Windows 10 WiFi Sense

I advise disabling WiFi Sense in Windows 10 (it’s turned ON by default)

What does WiFi Sense do? It’s a new feature in Windows 10 that is supposed to make connecting to wireless networks easier. However, Microsoft seem to have completely failed to consider the security implications. Specifically, It does two things:

  • Connects you to available open hotspots without asking you or telling you. All it takes for this to happen is for at least one other Windows 10 user who has WiFi Sense enabled (anywhere in the world) to have connected to that open network before.
  • Connects you automatically (without a password) to any hotspot that any of your contacts has connected to before (where “contacts” covers anyone in your Skype database, your contacts, or your Facebook friends). And, of course, the corollary is true: those same people can connect to YOUR network without a password.

At first glance, this is horrendous. Do Microsoft think we only have family and bosom buddies in our contact lists? Do they really think that we would want to automatically trust everyone in our contacts lists to connect to our router?
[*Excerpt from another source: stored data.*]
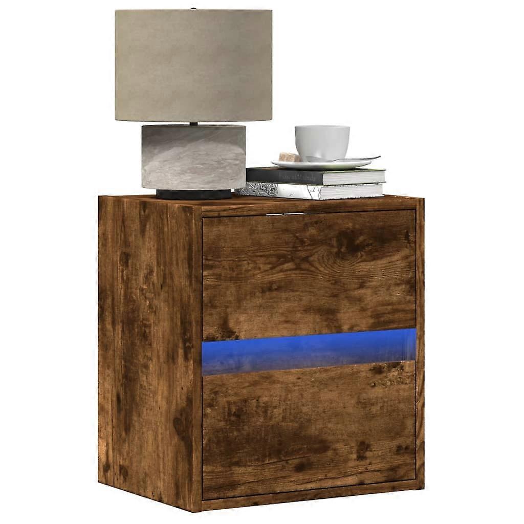 Wand-Nachttisch mit LED-Leuchten Räuchereiche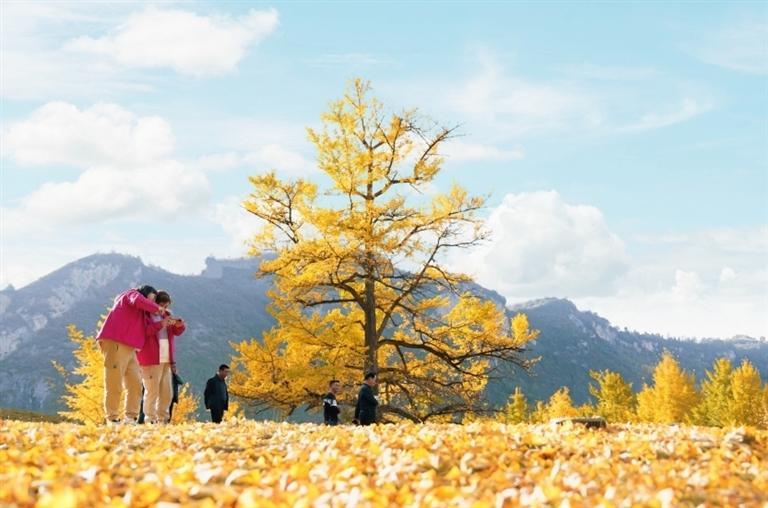 金秋時(shí)節(jié),走進(jìn)徽縣嘉陵鎮(zhèn)田河村,恍若走進(jìn)了金色的仙境。153棵古銀杏樹(shù)滿身金黃,一地落葉似“金色地毯”。銀杏樹(shù)下,品銀杏茶、吃銀杏果、享銀杏風(fēng)情,美不勝收,吸引眾多游客前來(lái)拍照打卡。如今,美麗風(fēng)景變身“美麗經(jīng)濟(jì)”,當(dāng)?shù)匾劳星赉y杏資源優(yōu)勢(shì),引進(jìn)“銀杏夢(mèng)谷”旅游項(xiàng)目,打造集旅游觀光、生態(tài)康養(yǎng)、休閑娛樂(lè)、農(nóng)特產(chǎn)品銷(xiāo)售為一體的美麗鄉(xiāng)村旅游示范點(diǎn),讓千年古樹(shù)煥發(fā)新的生機(jī)。本報(bào)記者 冉創(chuàng)昌 高瓊 攝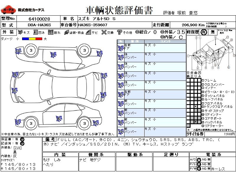 フル装備 / CD(社外) / 乗車定員(4人) / 集中ドアロック / エアバッグ / 助手席エアバッグ / ABS / トラクションコントロール / カーナビゲーション(社外)(インダッシュ,SSD,2DIN) / テレビ(社外) / 地デジTV(社外) / キーレスエントリー / ハイマウントストップランプ /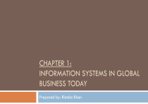 CHAPTER 1: INFORMATION SYSTEMS IN GLOBAL BUSINESS TODAY Prepared by: Rimsha Khan Learning Objectives Why information systems are so essential in business today. Define an information system from both technical and a business perspective. Business Objectives achieved through Information System Define and describe business processes and their relationship to information systems. Identify and describe the three dimensions of information systems. Assess the complementary assets required for information technology to provide value to a business. Identify and describe contemporary approaches to the study of information systems and distinguish between computer literacy and information systems literacy. Management Information System (MIS) DEFINITION: Management information systems (MIS) is the study of how people use technology to manage information. It is a computer-based system that provides managers with the tools to organizes, evaluate and manage departments within organization. It’s purpose is to transform raw data into useful information for decision making. It’s the process of turning data into insights that that guide business strategies and dayto-day operations. MEANING: Management information system is an acronym of three words, viz., Management, Information, System. In order to fully understand the term MIS, let us try to understand these three words. Management: Management is the art of getting things done through and with the people in formally organized groups. Data Vs Information Data is a collection of raw facts that may or may not be meaningful for managers. Input to any system may be treated as Data. It is very difficult to understand data and needs to be processed to understand. Data may not be in the order. Information is the outcome derived after processing the data and is always meaningful. Output after processing the system is Information. Processing is performed by performing arithmetic logical calculations on data of simply by rearranging the data. It is very easy to understand information. Information should be in the order. For example, researchers who conduct market research survey might ask a member of the public to complete questionnaires about a product or a service. These completed questionnaires are data; they are processed and analyze in order to prepare a report on the survey. This resulting report is information. Information System (IS) System: A system may be defined as a set of elements which are joined together to achieve a common objective. The set of elements for a system may be understood as input, process and output. An information system (IS) consists of several components: hardware, software, data, people, and procedures. The components’ common goal is to produce the best information from available data. System Hierarchy Information systems are composed of three main elements: technology, people, and process. Information systems (IS) are defined more broadly as the combination of technology (the “what”), people (the “who”), and process (the “how”) that an organization uses too produce and manage information. Characteristics of Information Accuracy: Information must be correct and free from errors to ensure reliable decision-making. Relevance: The information should be applicable to the purpose for which it is being used, ensuring it supports current needs or decisions. Timeliness: Information should be available when needed; too early or late can render it useless. Completeness: All necessary details should be included so users can make informed decisions without gaps in understanding. Form/Presentation: The format of information should facilitate easy understanding by the intended user, whether summarized or detailed. Purpose: Information must serve a specific objective; otherwise, it remains mere data1. Reliability/Validity: The source of information should be trustworthy and consistent with its intended purpose13. Subjectivity/Objectivity: Awareness of personal biases (subjectivity) is crucial; ideally, information should strive for objectivity to avoid misinterpretation2. Accessibility/Adequacy/Availability: Information must be easily accessible and provide sufficient details to meet user needs on time Component of Information System (Technical Perspective) Business Objectives achieved through IS Operational Excellence: Businesses can constantly improve their efficiency of their operations in order to achieve higher profitability. They can do this by constantly having the correct amount of stock in store so consumers can always get want they want. New product services and business models: I.S systems play a major role for businesses in creating new products and services. New business models can be created and these can describe how a company produce, create and sell there products. Customer and Supplier intimacy: The better services a company provides its consumers with more likely they are too come back to them and as result the more they will buy off the supplier therefore creating a good relationship with both parties. Competitive advantage: If companies achieve any of the above objectives they will generally create a competitive advantage over their rivals. Day to Day survival: Business invest in these systems to make their jobs as easy as possibly. An example is Citibank introduced the first ATM machine to make it easier for customer to access their money and to cut down queues in their banks. Why do Business need MIS? Supporting decision making: The main purpose of MIS is to provide managers with information that helps them make better decisions. This includes data on performance, trends, and business forecasts. Improving efficiency: By automating data collection and report generation, MIS helps improve operational Efficiency. Tasks that would otherwise be manual and time-consuming are done quickly and accurately. Enhancing Coordination: MIS integrates different department in an organization, ensuring that everyone is worki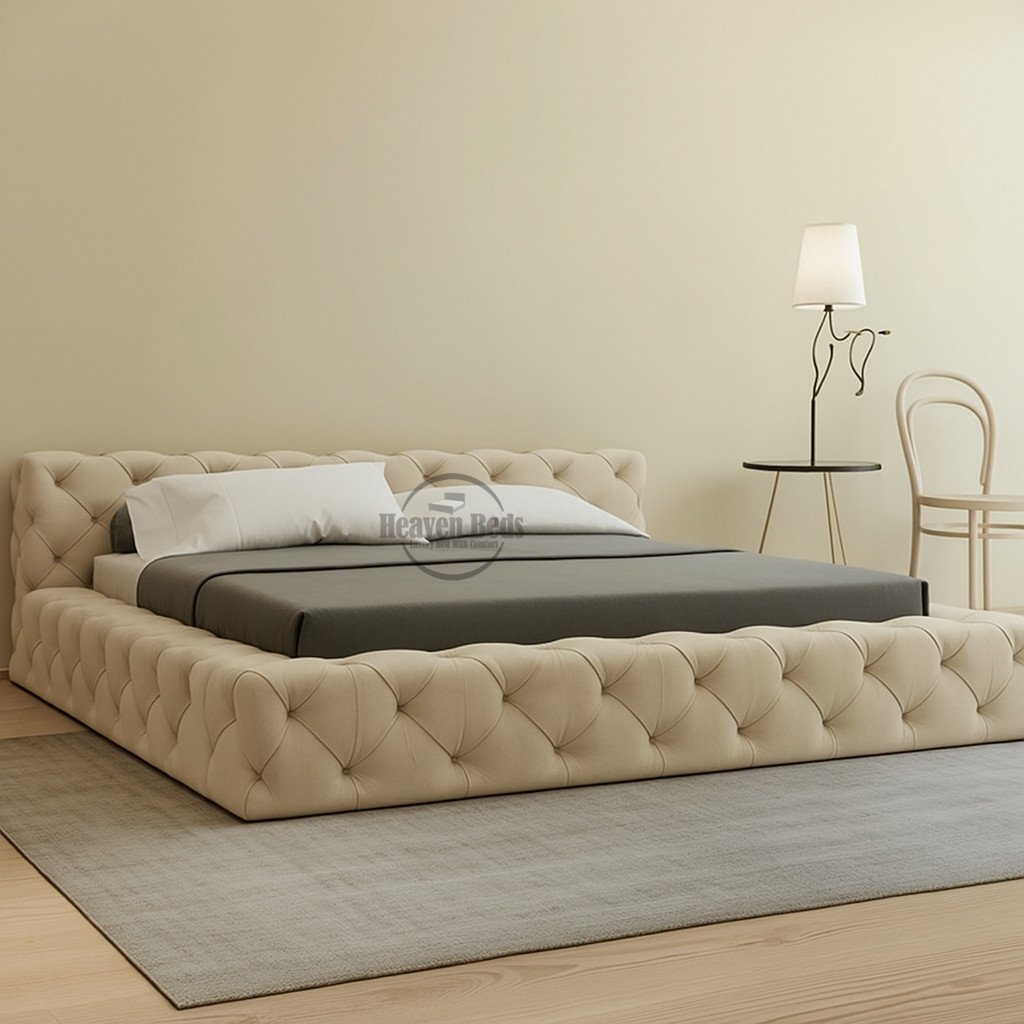 The Slumberly bed is a low, wide upholstered bed built for comfort and stability rather than decoration. Its deep, cushioned frame sits close to the floor, giving the bed a grounded feel that works well in modern UK bedrooms. The soft tufted upholstery runs across the headboard, sides, and base, creating a uniform finish that feels substantial without looking bulky.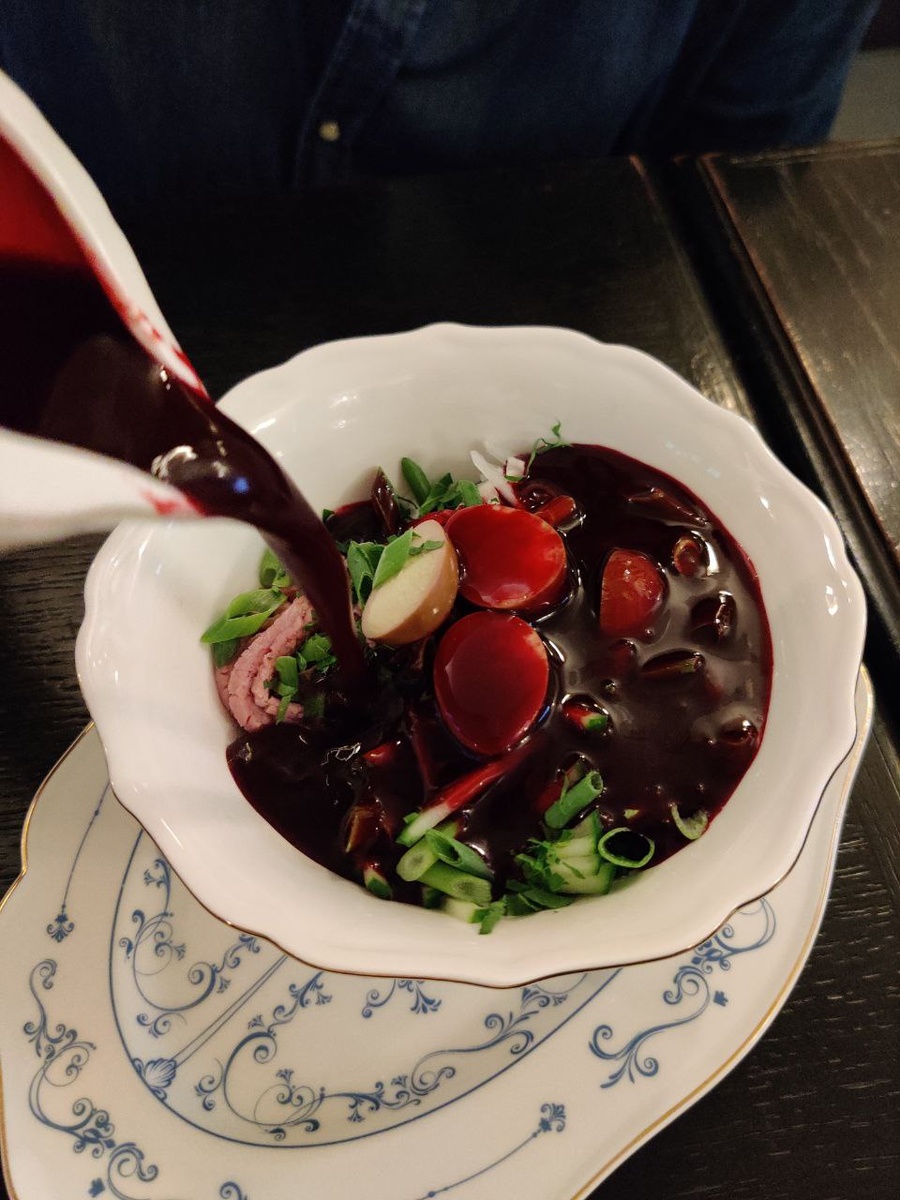 Паб Chelsea решил отличаться и летнее меню здесь дропнули так, что Британия в тарелке встречается с Азией, Средиземноморьем и даже Россией. Звучит неожиданно и смело, на деле выглядит гораздо более приземленно. Роти Рояль - чизбургер в роти - требует перчаток и сноровки, чтобы начинка попала в рот, а не попадала мимо. Севиче из осетра или палтуса (рыбу можно выбрать) плавает в лужице убедительного кислого соуса в компании сегментов сладких цитрусов. Красная икра тут что мертвому припарки, но выглядит красиво. К холоднику с копченым ростбифом и густым свекольным муссом полагается рюмка игристого вина и никакой сметаны - русская душа на такое предложение вроде как и отзывается, но не до конца. Кебаб из морепродуктов подают с роти и вместе со щупальцем осьминога с соусом блю чиз эта часть летнего меню вызывает меньше всего вопросов. @foodiscovery

WiFi Sense - signed on to a Local Account
Figure 1. If you see the blue link circled above when you enter WiFi Settings then you are signing on to a local account, so are not vulnerable to WiFi Sense
And it gets worse. Suppose that you give your password to a friend, either in the normal way or by having WiFi Sense enabled. If that friend has WiFi Sense enabled, then my understanding is that that friend will automatically share your password with all of their contacts who have Wi-Fi Sense enabled. This is just appalling and it’s hard to think that it can really be true that Microsoft have invited such a situation to come about.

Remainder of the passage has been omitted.